The report was co-authored by Susie Marino, Elisa Gabbert, and Stephanie Heitman, with data analysis contributions from Paul Fontenot, Rob Glover, Heidi Hickman, and Becca Mann. All averages in the study are median figures, calculated to reduce the influence of outliers. Currency values are reported in US dollars.

Timeline

  • June 10, 2024 - LocaliQ releases benchmark data showing 86% of industries experienced Google Ads cost increases, with average CPC rising 10.43% year-on-year, covering campaigns from April 2023 to March 2024. PPC Land coverage
  • October 9, 2024 - Google Ads adds a negative keyword tab within the Keyword Planner tool, enabling advertisers to research and manage exclusions within a single planning interface. PPC Land coverage
  • October 15, 2024 - Google updates its third-party policy, introducing severe penalties for agencies enabling policy violations on managed accounts. PPC Land coverage
  • January 1, 2025 - WordStream begins collecting data for the Performance Grader study, eventually covering 251,236 reports across 15,666 accounts.
  • March 10, 2025 - Google increases the negative keyword limit for Performance Max campaigns from 100 to 10,000, following direct advertiser feedback. PPC Land coverage
  • May 19, 2025 - LocaliQ releases updated benchmark data showing average Google Ads CPC rose 12.88% year-on-year to $5.26, with 87% of industries experiencing cost increases. PPC Land coverage
  • June 4, 2025 - Google releases Ads API v20, introducing campaign-level negative keywords for Performance Max campaigns alongside enhanced Demand Gen reporting. PPC Land coverage
  • July 10, 2025 - WordStream publishes research finding 20% of AI tool responses to PPC questions contain inaccurate information, with Google AI Overviews showing the highest error rate at 26%. PPC Land coverage
  • August 7, 2025 - Google announces completion of its 2025 Performance Max enhancement program, including campaign-level negative keyword lists, expanded search themes, and demographic targeting controls. PPC Land coverage
  • October 28, 2025 - A former Google employee publicly characterizes Search Partner Network inventory quality as problematic, generating significant engagement from the marketing community. PPC Land coverage
  • November 17, 2025 - WordStream concludes data collection for the Performance Grader study.
  • September 28, 2025 - Pixis publishes benchmark analysis of $996 million in Google Ads spend across 100 consumer brands, documenting dramatic cost variations by industry. PPC Land coverage
  • February 23, 2026 - WordStream publishes the seven-finding report drawn from 251,236 Performance Grader assessments, revealing $1,127 average monthly waste, a 29% zero-conversion rate, and the threefold conversion rate benefit of negative keywords.

Summary

Who: WordStream, a digital advertising software company owned by USA TODAY Co., Inc., authored the report.

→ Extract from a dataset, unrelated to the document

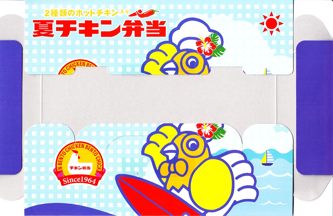 2022(令和4)年7月21日に初めて発売、8月まで販売。東京の名物駅弁「チキン弁当」の夏バージョンで、通常版と併売された。バスケット型の容器の構造を変えずに、箱の色を海と空で青くし、名無しのニワトリがサーフボードに乗る。中身は御飯が、カレー風味とする洋風炊き込み御飯にドライトマト、茄子揚煮、ヤングコーン、パプリカ、グリーンピース、味付玉子を載せるもの。おかずが、通常版とピリ辛たれ和えの鶏唐揚とフライドチキン、野菜のピクルス。いつものチキン弁当とは似て非なる鶏駅弁。

The research team was led by Susie Marino, with contributions from Elisa Gabbert, Stephanie Heitman, and four data analysts. The findings affect the estimated 15,666 accounts represented in the dataset and the broader population of Google Ads advertisers.

What: An analysis of 251,236 Google Ads Performance Grader reports identified seven key findings about account performance: average monthly waste of $1,127.54; a 29% zero-conversion rate over 90 days; outperformance by smaller advertisers relative to large-budget accounts; average Quality Scores between 5 and 6; a nearly threefold conversion rate improvement for accounts using negative keywords; lower conversion rates among high-impression accounts; and consistent structural differences between top and bottom performers.

When: Data was collected between January 1, 2025, and November 17, 2025. The report was published and last updated February 23, 2026.

Where: The analysis covers Google Ads accounts across more than 23 industries operating in the United States. All spend figures are denominated in US dollars.

Why: The report aims to document performance patterns across a broad sample of Google Ads accounts, providing advertisers with data on where common inefficiencies arise and which structural variables correlate with better outcomes. The findings are particularly relevant at a time when Google Ads costs are rising across industries, making unaddressed waste proportionally more damaging to advertiser returns.